De rechtbank constateert dat het bezwaarschrift tijdig namens veroordeelde ter griffie van deze rechtbank is ingediend.
Op grond van de hierboven genoemde stukken en de behandeling ter terechtzitting is de rechtbank van oordeel dat veroordeelde de opgelegde taakstraf niet naar behoren heeft verricht. Veroordeelde wist dat hij een taakstraf moest verrichten. Hij is op 9 november 2015 verschenen op het intakegesprek bij de reclassering. Tijdens die afspraak zijn eerdere taakstraffen die negatief zijn geretourneerd uitvoerig besproken en is bij veroordeelde benadrukt dat hij zich aan de afspraken moest houden. Tevens is met hem afgesproken op welke dagen hij zou gaan werken. Veroordeelde is vervolgens geen enkele keer verschenen op het taakstrafproject en heeft ook geen contact met de reclassering opgenomen.

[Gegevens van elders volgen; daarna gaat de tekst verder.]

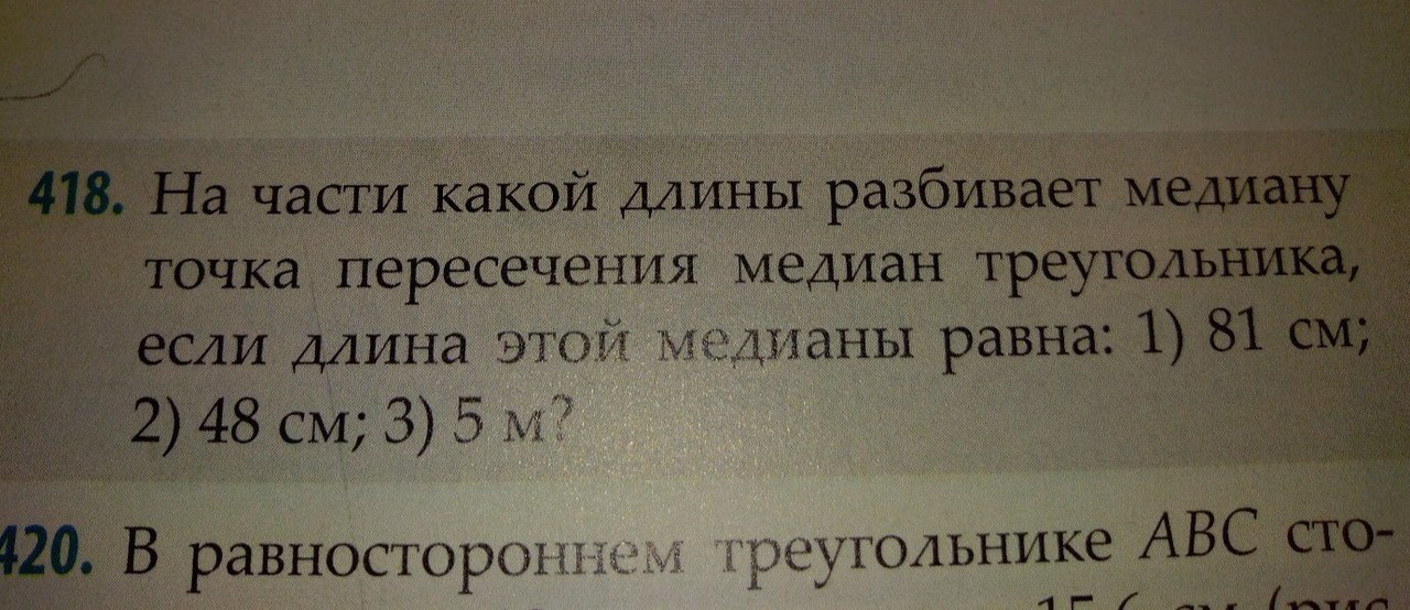 Здравствуйте. Для решения этой задачи вспомните одно свойство, что медиана при разделении делится на части относящиеся 2 к 1. Соотвественно: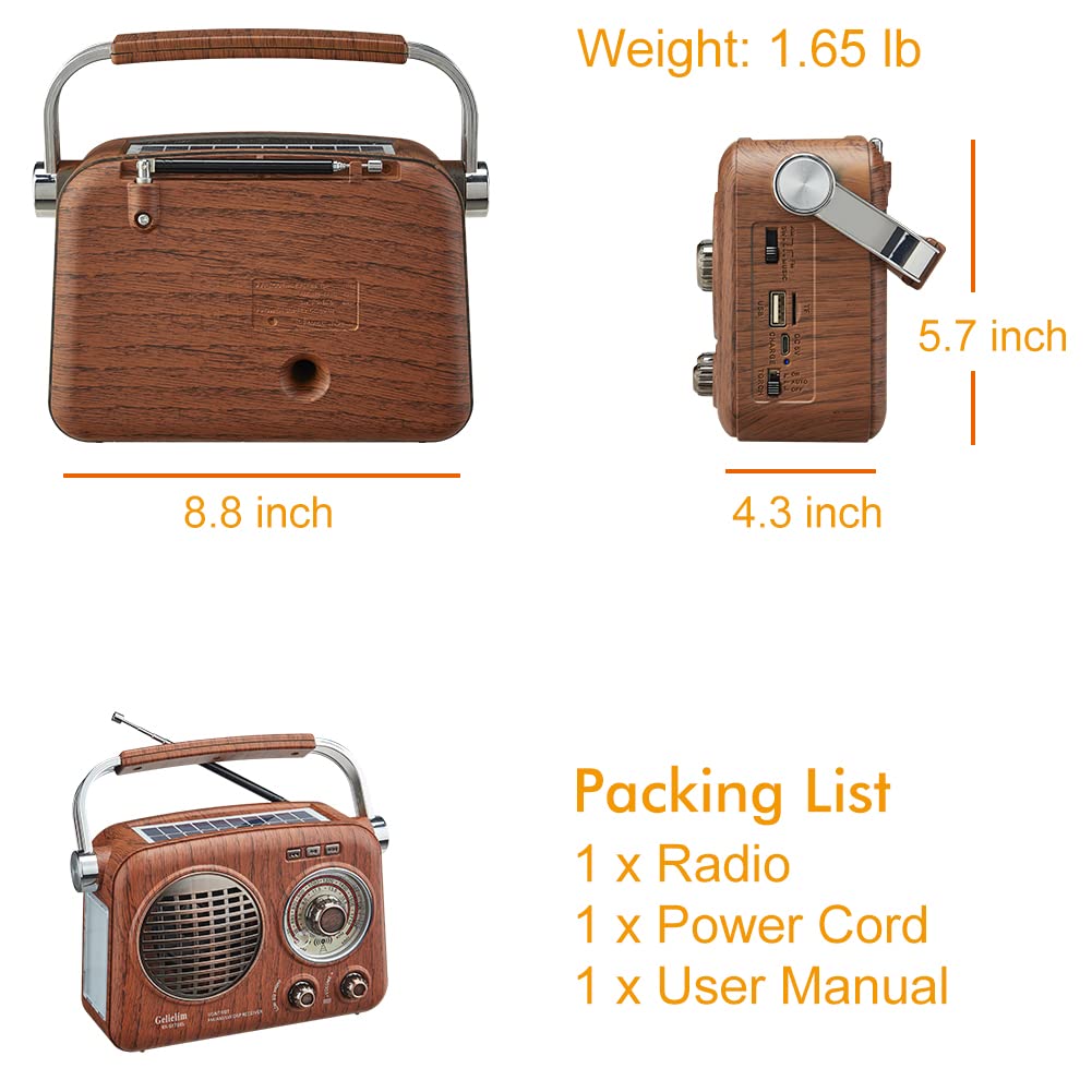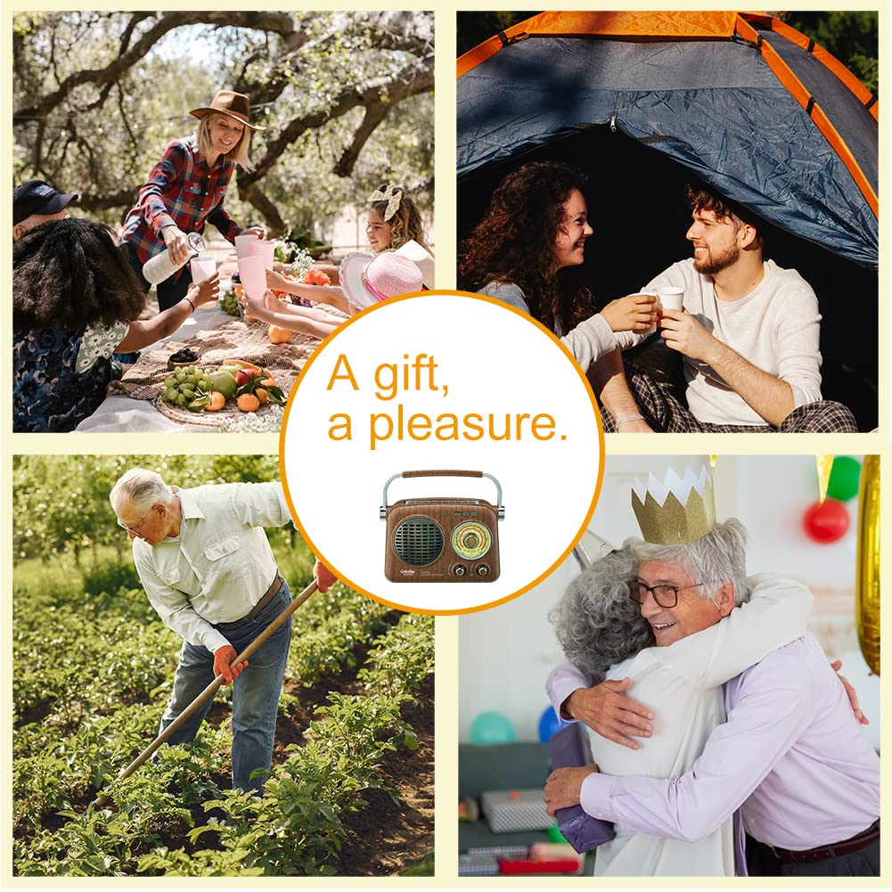 【Ideal Gift and Perfect for Daily Life】The portable radio is easy to operate for both elder and children as the knobs are large to tune and the letter is clear to see.With good size design and handle, small radio can be taken anywhere. In addition, it features a charmingly vintage look, perfect to decorate your home. Suitable for various occasions such as camping, kitchen, living room, outdoor activities. Really a great companion. It also be a thoughtful gift for elders, family, and friends.

Nu veroordeelde daarnaast niet ter zitting is verschenen om een toelichting te geven, ziet de rechtbank op grond van het voorgaande geen reden om de veroordeelde nogmaals de kans te geven de taakstraf uit te voeren. Het bezwaarschrift zal daarom ongegrond worden verklaard.
De rechtbank heeft rekening gehouden met artikel 22g van het Wetboek van Strafrecht.

5.Beslissing

De rechtbank verklaart het bezwaarschrift ongegrond.
Deze beslissing is genomen door:
mr. J.M. Eelkema, voorzitter,
mrs. A.J.P. Schotman en K.J. Veenstra, rechters,
in tegenwoordigheid van mr. J. van Elk, griffier
en uitgesproken op de openbare terechtzitting van deze rechtbank van 13 april 2016.
Mr. J.M. Eelkema is buiten staat deze beslissing mee te ondertekenen.